Fundação e presidente vão a julgamento por maus-tratos a utentes de lar em Aveiro

O Tribunal da Relação do Porto (TRP) decidiu levar a julgamento a Fundação CESDA e o seu presidente pelo crime de maus-tratos aos utentes de um lar gerido pela instituição em Aveiro, devido à alegada falta de funcionários.

O acórdão, datado de 18 de outubro e consultado hoje pela Lusa, concedeu parcial provimento ao recurso do filho de uma utente, revogando a decisão recorrida, que deverá ser substituída por outra, da qual resulte a pronúncia da Fundação pertencente à igreja Metodista e do seu presidente.

Contactado pela Lusa, Eduardo Conde, presidente da Fundação CESDA, mostrou-se tranquilo quanto ao facto de o caso seguir para julgamento e negou a existência de falta de funcionários, afirmando que à data dos factos até havia “funcionários a mais do que os acordos da Segurança Social estipulavam”.

O processo surgiu na sequência de uma denuncia apresentada pelo filho de uma idosa, que se queixa de ter sido mal alimentada e sofrido diversas lesões enquanto foi utente da estrutura residencial, entre 2018 e 2020, devido à falta de funcionários para assegurar os cuidados aos utentes de forma adequada.

O caso foi arquivado pelo Ministério Público (MP), mas o assistente pediu a abertura de instrução, na sequência da qual veio a ser proferido o despacho de não pronuncia, por não ter sido detetada qualquer conduta dolosa perpetrada pelo lar contra os utentes, pese embora se tenha verificado “eventuais situações de negligência a nível da prestação de cuidados e assistência aos utentes por parte da respetiva instituição”.

Inconformado com a decisão, o assistente recorreu para a Relação que lhe deu agora razão e pronunciou a Fundação e o seu presidente pelos factos descritos no requerimento de abertura de instrução, mantendo a decisão de não pronuncia quanto ao secretário do conselho executivo.

O acórdão do TRP refere que a generalidade das testemunhas inquiridas afirmou que a instituição não dispunha de funcionários suficientes para prestar adequadamente os necessários cuidados aos idosos, designadamente para prover à sua alimentação e higiene pessoal e, ainda, para a mobilização daqueles que, como a vítima, não se podiam movimentar sozinhos.

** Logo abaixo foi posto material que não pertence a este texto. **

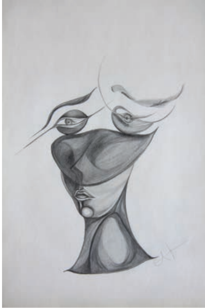
Aşk ve Gözler / Love and Eyes Karakalem-Drawing (Eskiz-Sketch)-2017-29,7x42cm
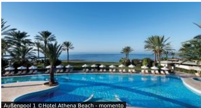
Außenpool 1
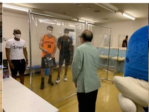
市長によるチーム激励の様子
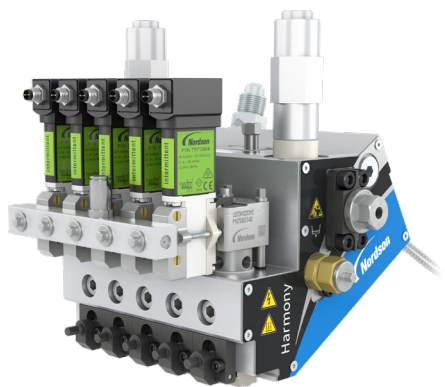
マルチモジュール スプレー アプリケーター
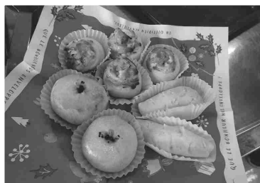
⑳ ふっくらパンの完成
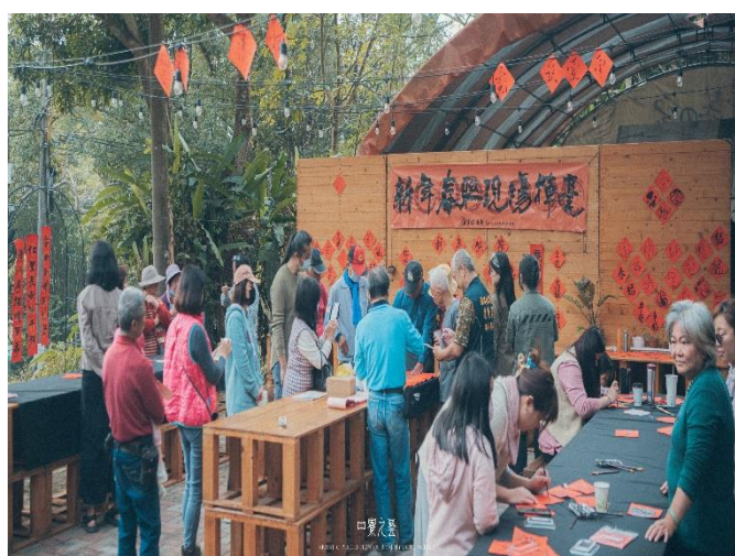
工作坊舉辦社區親子活動
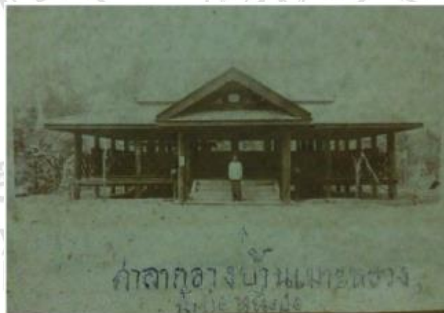
ภาพที่ 4.5 ศาลากลางบ้านในอดีต

ปัจจุบันศาลากลางหลังเดิมนี้นี้ ถูกย้ายมาสร้างขึ้นใหม่ในด้านข้างของศาลหลักเมือง โดยใช้ไม้สัก มุงกระเบื้องสมัยใหม่ และเปลี่ยนรูปทรงไปจากศาลากลางบ้านหลังเดิม โดยภาพเขียนจิตรกรรมประดับศาลากลางบ้านหลังเดิม ถูกถอดไปเก็บไว้ที่วัดเกาะหลวง แต่น่าเสียดายที่ต่อมาเจ้าอาวาสวัดเกาะหลวงได้ลบแล้วเขียนใหม่ ปัจจุบันศาลากลางบ้านหลังใหม่ไม่ค่อยได้ใช้ประโยชน์อะไรมากนัก จะใช้เพียงงานประเพณีแห่ช้างผ้าเท่านั้น เพื่อเป็นที่ชุมนุมของชาวบ้านช้างผ้าที่ศาลาแห่งนี้ แล้วแห่ไปยังวัดเกาะหลวง ซึ่งอยู่ไม่ไกลกันนัก 6
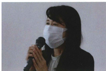
来賓 芝田市長あいさつ
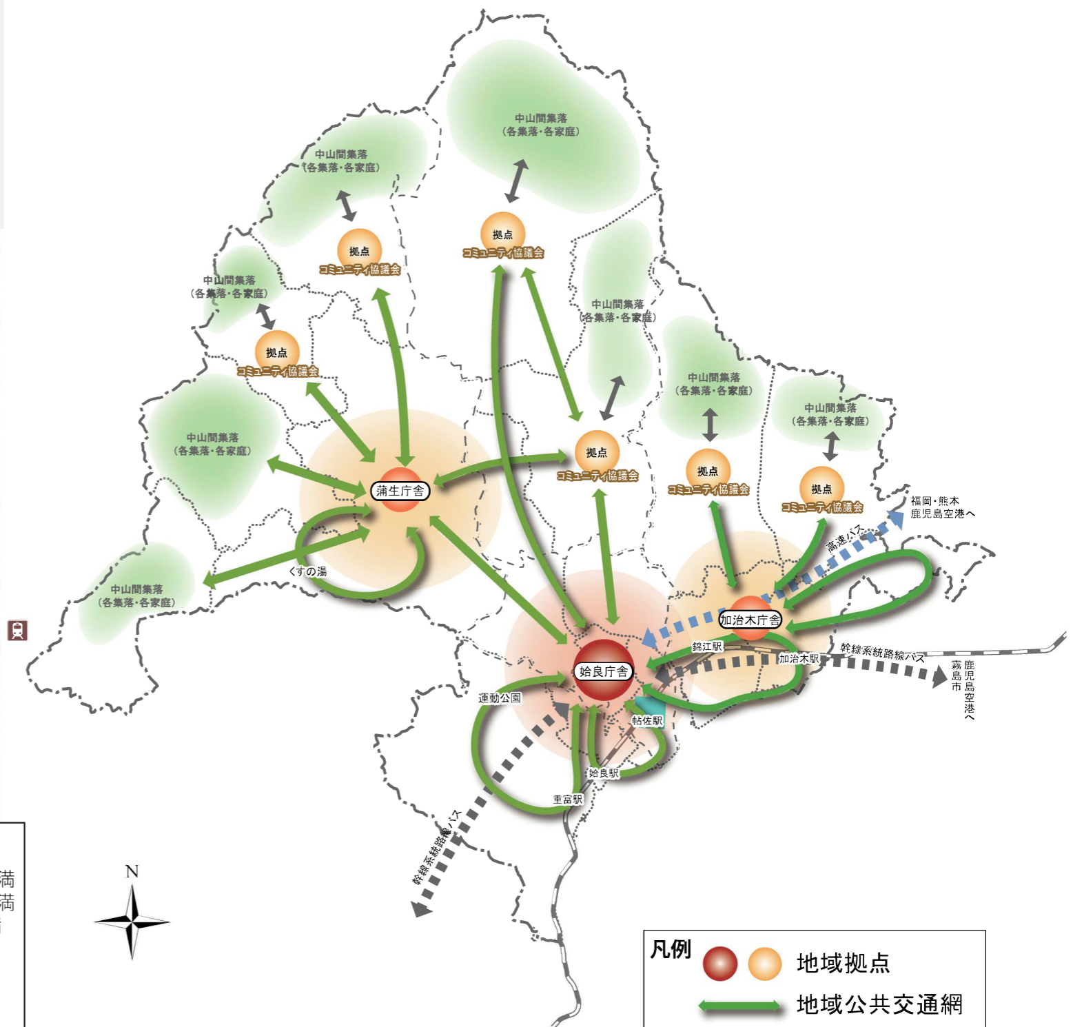
図2 多極ネットワーク型コンパクトシティのイメージ

始良市地域公共交通網形成計画 p 7 を引用 人口総数 (H22)※国土数値情報を基にした、1kmあたりの人口分布
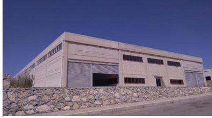
MEDUSA PLASTİK KOMP. İNŞ. SAN. VE TİC. LTD. ŞTİ.
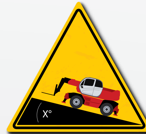
Wees op de hoogte van het hellingvermogen van de lading
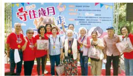
獨居長者及志工完賽歡喜合照

此外，2024 年 11 月 23 日首次舉辦新竹市「RUN 伴健走——以陪伴傳遞愛與友善」，RUN 伴 (RUN TOMO) 源自日本認知症協會，倡導失智者與社區民眾共同健走、促進理解與交流。長輩們精神奕奕、笑容滿面，沿途獲得熱情鼓勵，展現生命力，也凝聚了社區的溫暖支持。

Uma antiga chefe de equipa do lar referiu que nos últimos três/quatro anos em que trabalhou na instituição “verificou que a qualidade dos serviços prestados aos utentes se deteriorava, passando os utentes com maior grau de dependência a estar mais tempo do que deviam na mesma posição, sem que fosse efetuada a rotação do corpo, assim como as fraldas eram mantidas mais tempo do que aquele que seria aconselhável”.

Assim, e ao contrário do decidido pelo Tribunal de Instrução Criminal, os juízes desembargadores concluíram ter havido uma situação de maus-tratos por parte da Fundação e do seu presidente, imputável a título omissivo, tendo o segundo arguido atuado, pelo menos, com dolo eventual.

“Comete o crime de maus-tratos, por omissão, a instituição e respetivo representante legal (presidente do conselho executivo), que, por não dispor da quantidade de funcionários suficiente, omite a prestação dos cuidados de alimentação, higiene e mobilização dos utentes mais vulneráveis e dependentes, com a frequência e qualidade necessárias, causando-lhes lesões e consequente sofrimento físico e psíquico-emocional”, refere o acórdão.

A Relação ordenou ainda a comunicação ao MP de factos que podem estar relacionados com a alegada prática do crime de maus-tratos por uma mulher, referenciada pela generalidade das testemunhas como sendo a “administradora do lar”.